Jennifer Garner — jennifer garner says she wants to have a 'physical fight' with Judy Greer
jennifer garner said she wants to have a “physical fight” with Judy Greer, adding the line “I'd like to wipe the floor with her, ” a remark that has drawn attention as season two of The Last Thing He Told Me reaches new twists. The comment lands while the show’s second season and a recently published sequel novel occupy different storytelling paths.
Jennifer Garner on-screen reunion
The season-two episode recap picks up with a five-year jump and a restrained, devastating reunion: Hannah finally sees Owen again but he must remain disguised and disappear after a brief encounter. That reunion underscores how the past has not been resolved for the family, and it sets the tone for a season that blends quiet emotional beats with renewed danger.
Owen is shown living under a new identity in Houston, working at a port and photographing locations that suggest he is gathering evidence against a criminal organization. At home, Hannah and her stepdaughter Bailey have been absorbed into the family of a man identified as Nicholas Bell, whose uneasy coexistence with mob figures leaves Hannah and Bailey vulnerable. The episode frames the family’s uneasy safety as dependent on dark, longstanding bargains.

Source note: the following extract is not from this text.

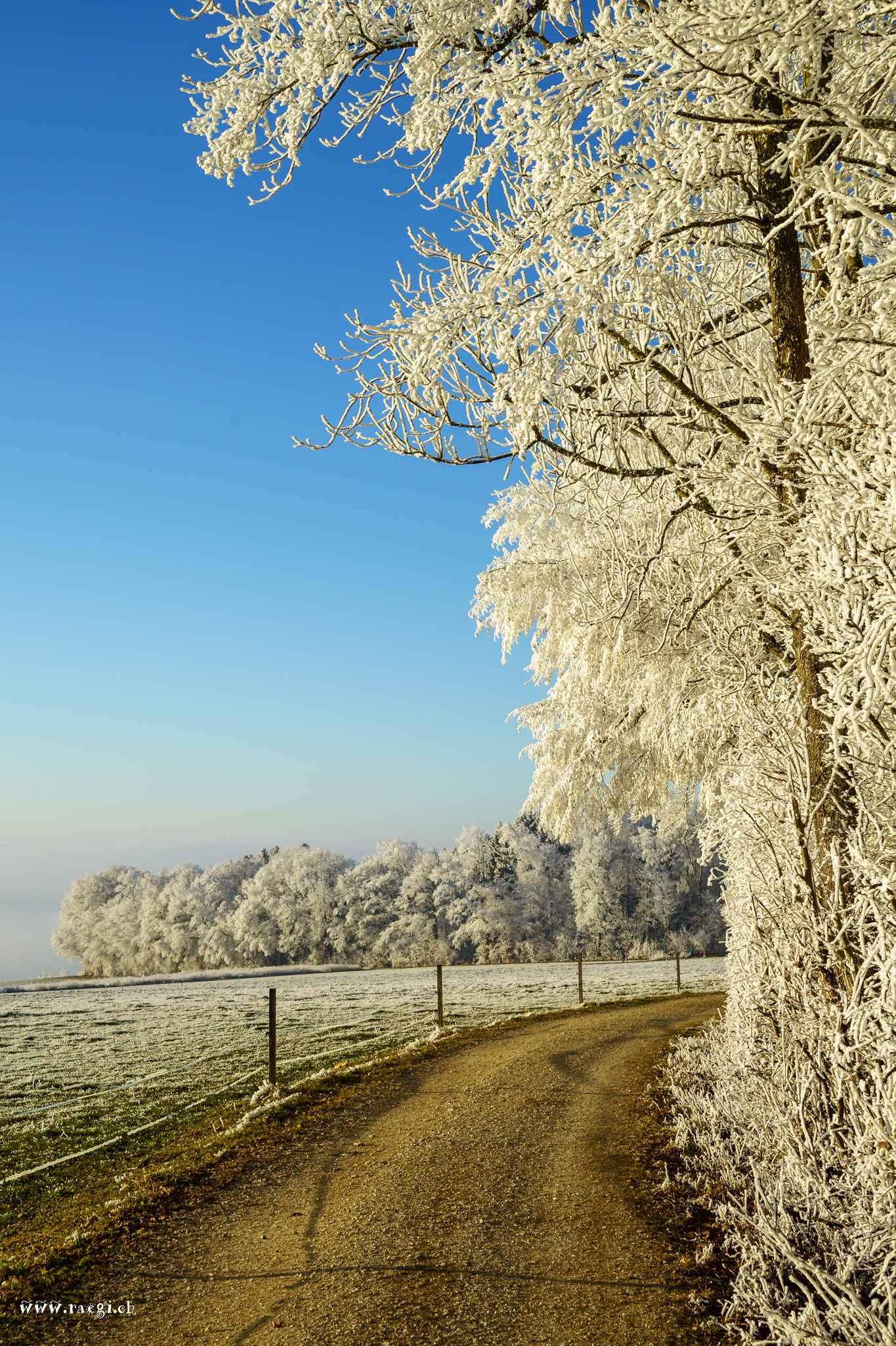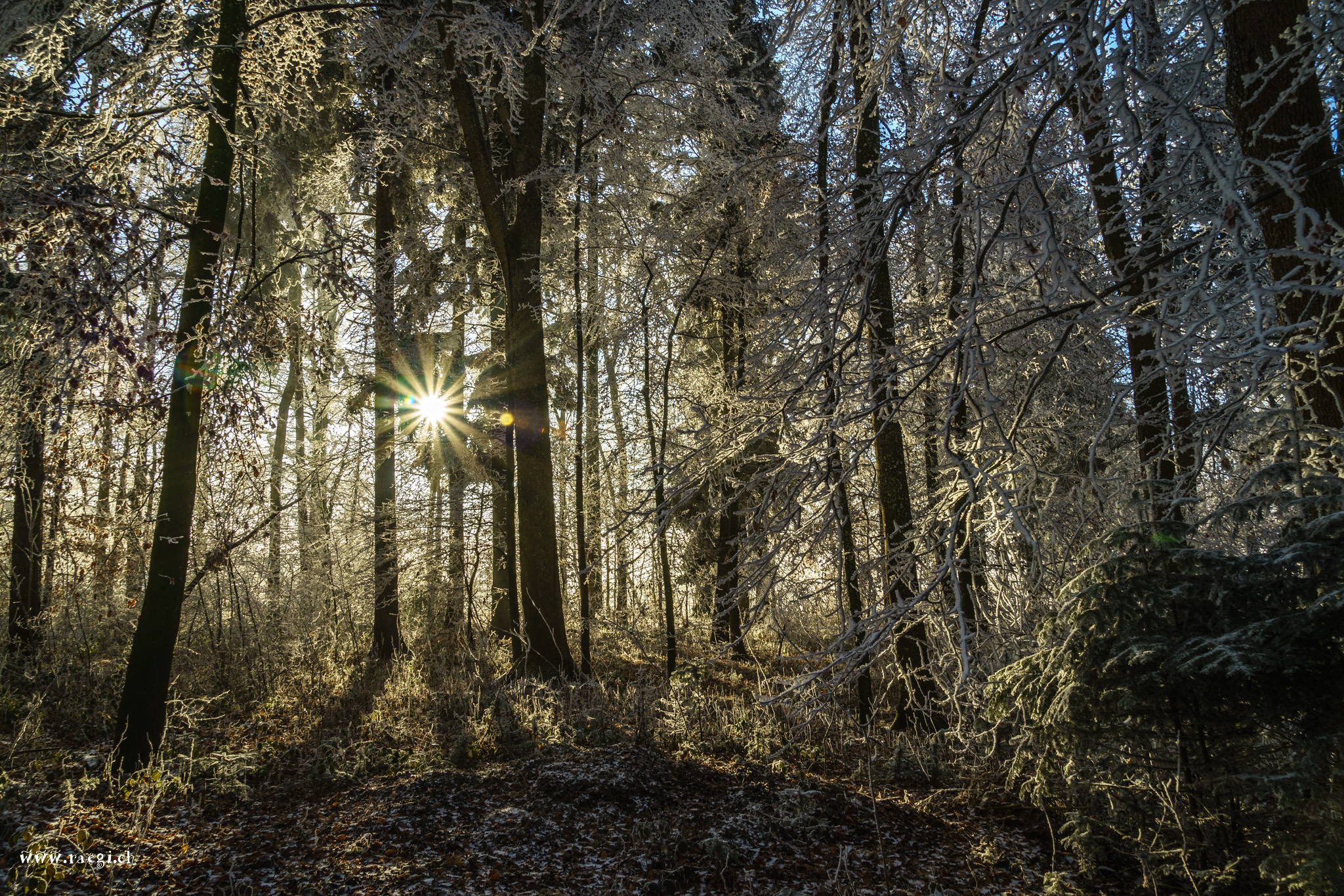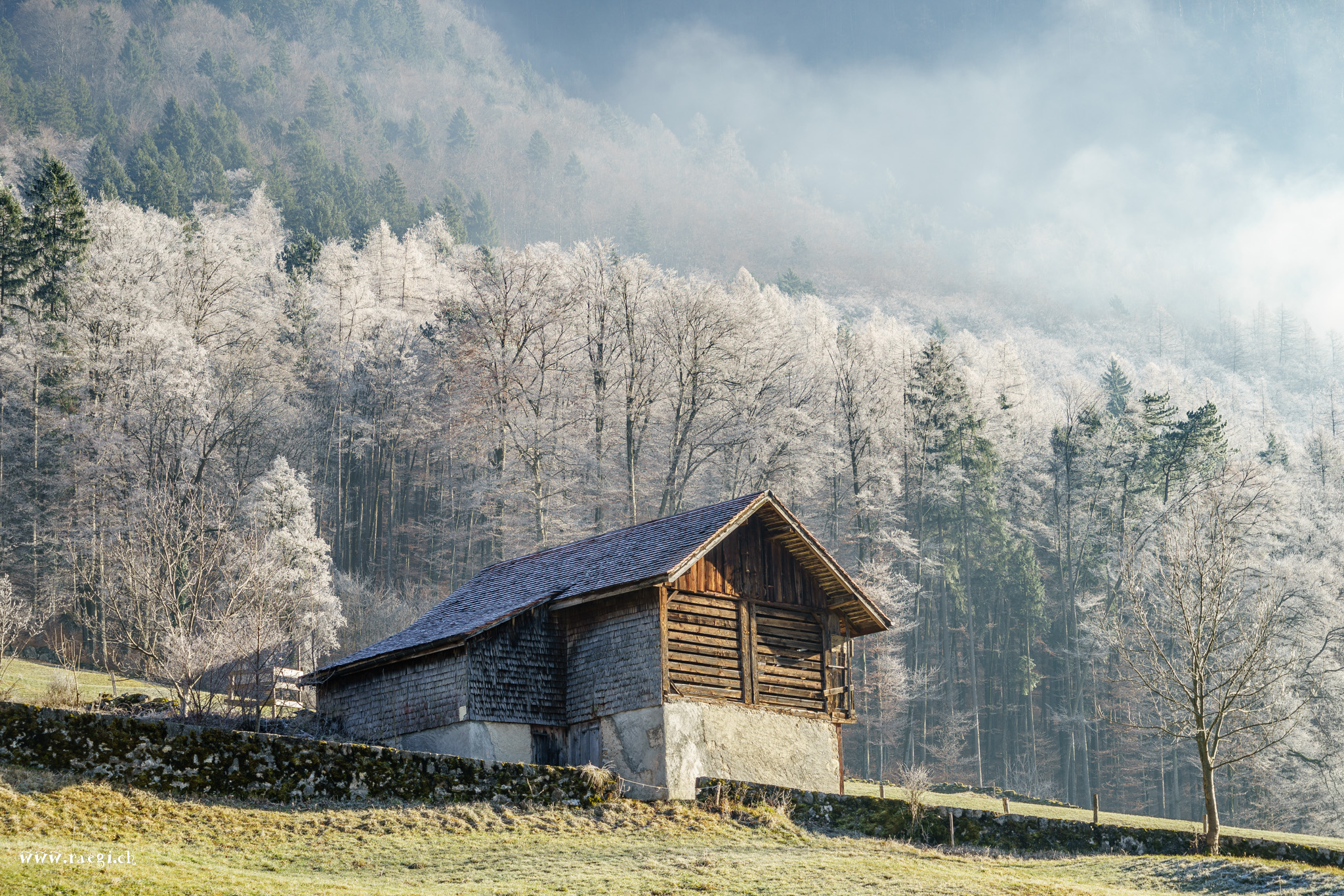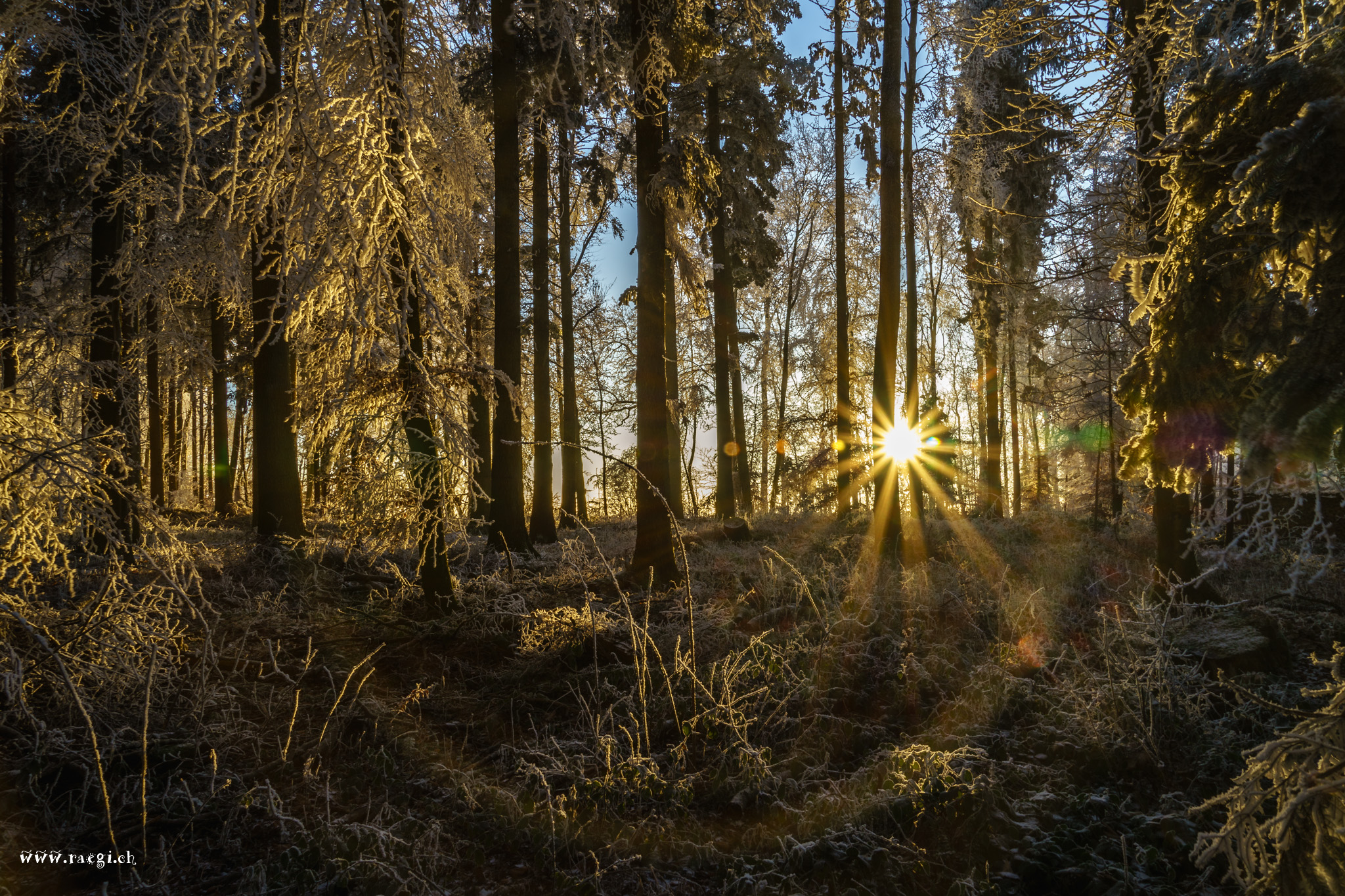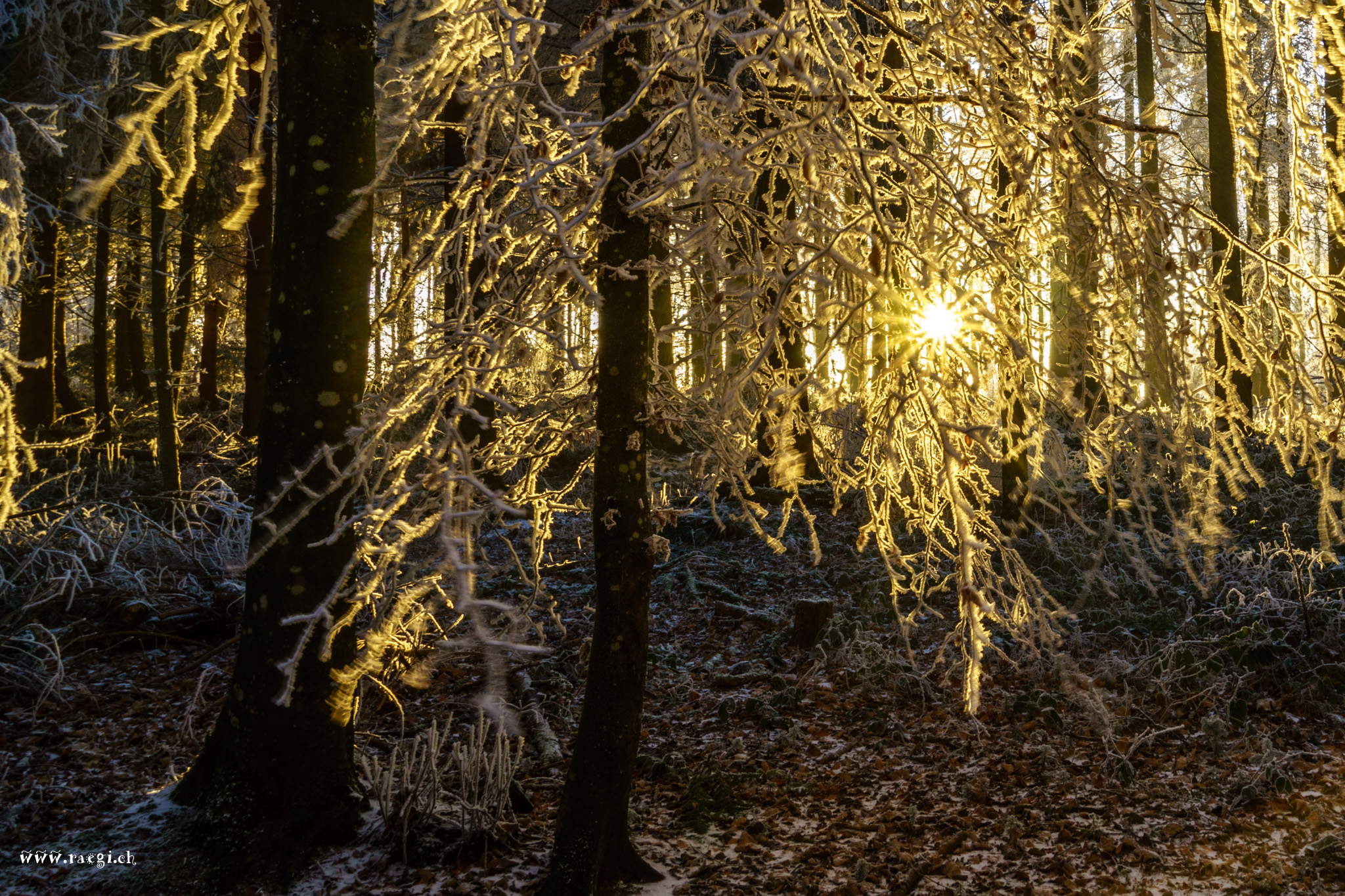 Nebel, der sich vor Kälte an die Äste klammert und den Wald in ein Wintermärchen verzaubert. Die Januarsonne täuscht Wärme vor, doch schon ein schwacher Wind lässt die Sonne vorläufig aufgeben, sie versinkt am Horizont und lässt die Landschaft im eisigen Griff des Winters zurück.

jennifer garner and Judy Greer
The public remark about wanting a physical fight involves two cast members tied into those tangled relationships on screen. Judy Greer plays Quinn, a character with family ties to the crime figures who loom over the protagonists; Quinn’s presence and a gift of old photographs help push Hannah and Bailey into confronting what they do and do not know about their pasts. The episode also shows Hannah training in self-defense, organizing art exhibitions and living with persistent paranoia—signs the danger is very much active.
Within the story, Owen claims to Detective Grady that he is close to obtaining definitive evidence against the criminal family and may at last be able to reunite with his wife and daughter without endangering them. The narrative tension escalates when surveillance images identify a mysterious man photographing sensitive locations and when evidence Owen compiles is found erased or corrupted, implying someone remains a step ahead.
Season two divergence and stakes
The trajectory of season two has been described as diverging from the sequel novel published earlier this year. One principal cast member who plays Bailey said the filming overlapped with the book’s completion, meaning the production read new material as it arrived. That overlap has left the show and the book on somewhat different creative tracks: the series’ writers and the author were working in parallel, and key creative figures did not always share the same information while production was underway.
That disconnect helps explain why viewers can expect surprises: the showrunner and the author were not always synchronized, and one cast member teased that devoted readers will still encounter unexpected turns. On screen, those turns include secret meetings between Bailey and Quinn, Teddy Campano viewing surveillance photos of the photographer, and the painful scene where Owen watches Hannah from a distance at an exhibition and cannot reveal himself.
Looking ahead, the immediate indicators within the story point to a few clear scenarios. If Owen’s investigation survives the compromise that erased his data, it could provide a path toward exposing the criminal family and resolving the central separation. If the corruption of evidence reflects a larger, ongoing cover-up, the show’s stakes will keep tightening around Hannah and Bailey’s attempts at normalcy. Either way, the parallel but different storytelling choices being made by the book and the series mean audiences should expect narrative departures and “loads of surprises” as the season unfolds.